The fiber cement board is definitely my choice for siding.  It retains the look of wood while being thermally stable and non-combustible.  Only downsides over vinyl is that it is more expensive and you have to paint it (though nowhere near as often as wood).


----------



## DaveH9 (Jul 27, 2011)

[/quote] My main concern is the summer.  Our central air unit (I believe that it's undersized for our home when you factor in the amount of direct sun we get per day) simply cannot keep up with the heat gain from the sun.  This is easily observed by seeing how the unit performs at night vs. during the day.  During the day the unit will run continuously and struggle to keep the house at 77-78 degrees when the temperatures run into the nineties.  At night however, when its still 85 degrees outside, the house cools much easier because there is no solar radiant load on the house.  The question is, would the combination of an R-60 attic, R-40 walls, and perhaps energy saver blinds (there are four windows on the south face of the house) make a dramatic difference in the summer?  Right now we are paying $200-300 a month depending on the weather in July and August to cool our home (and it never really gets that cool), so saving on energy bills is obviously a motivation, but even the study I've cited concedes that payback periods tend to be long.  The real benefit, as far as I'm concerned would (hopefully) be simply feeling more comfortable in our home.  Just curious if anyone else has undertaken this and what their results were.[/quote]

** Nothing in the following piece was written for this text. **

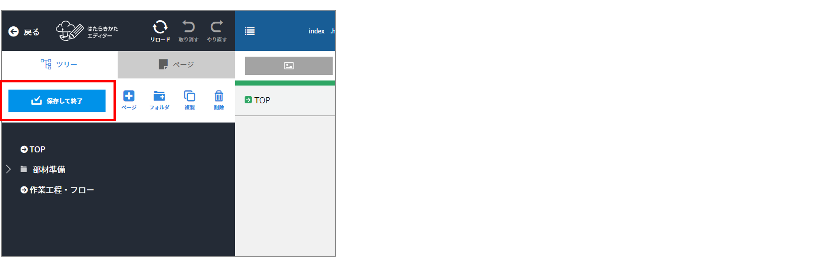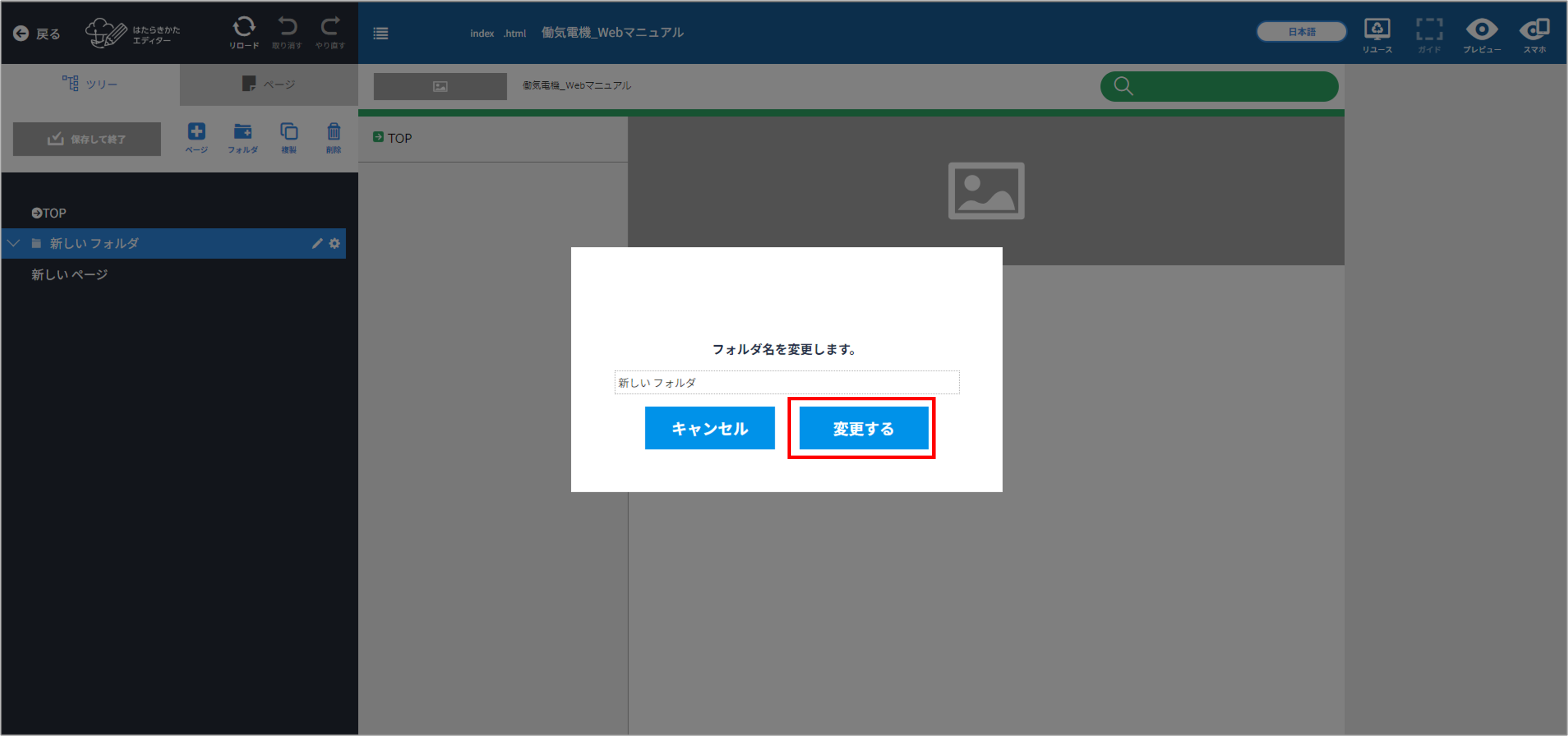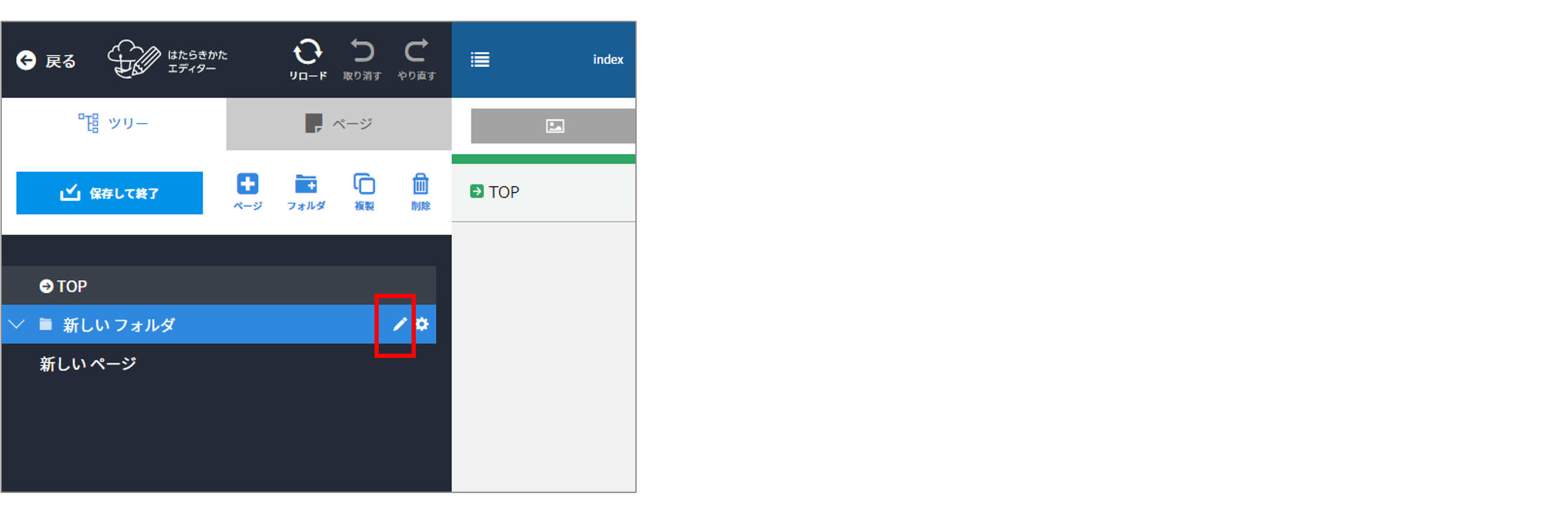 ツリーの入力 ツリーの入力画面が、ポップアップ表示に変更になりました。 ツリーの入力方法 ツリーの入力画面でフォルダまたはページを追加し、鉛筆マークをクリックする 入力画面がポップアップ表示されます。 タイトルを入力し、[変更する]をクリックする ツリーの入力が終わったら[保存して終了]をクリックする

I recommend exhausting your attic with an thermostatically controlled attic fan. I did that on our  home (similar to yours) and it made a big difference. The hot attic air radiates through the ceiling insulation. I'm in the process of replacing the soffits now to get even better ventilation. Used the window AC once last year and twice so far this year. I too am planning a foam board and hardy board siding retrofit.  I'm going to keep the windows and add storm windows. 

You might consider PV for your south facing roof, that will pay you back quickly in NJ and absorb some of the heat gain into your attic.


----------



## woodgeek (Jul 28, 2011)

In the summer the stack effect is reversed and you draw heated attic air into the house--airsealing will help a lot.


----------



## jebatty (Jul 28, 2011)

Your project is very worthy. Be sure to consider adequate ventilation with air/air heat exchanger(s) or otherwise when you're done. Not only a need for fresh air, but also need to control humidity/mold potential. I'm sure our 1500 sq ft 1956 house has plenty of air leaks, but we heat 24/7 with a wood stove in the living room so we need air from somewhere to maintain a good draft, and I figure those air leaks do the necessary job. Plus the stove heats the house comfortably without any supplement to handle all the cold northern MN has to offer. It's actually exciting to weather the -30 to -40F winter cold snaps.


----------



## benjamin (Jul 31, 2011)

woodgeek said:
			
		

> In the summer the stack effect is reversed and you draw heated attic air into the house--airsealing will help a lot.



This, plus the typical inadequate ridge and especially soffit vents both contribute to heat gain.


----------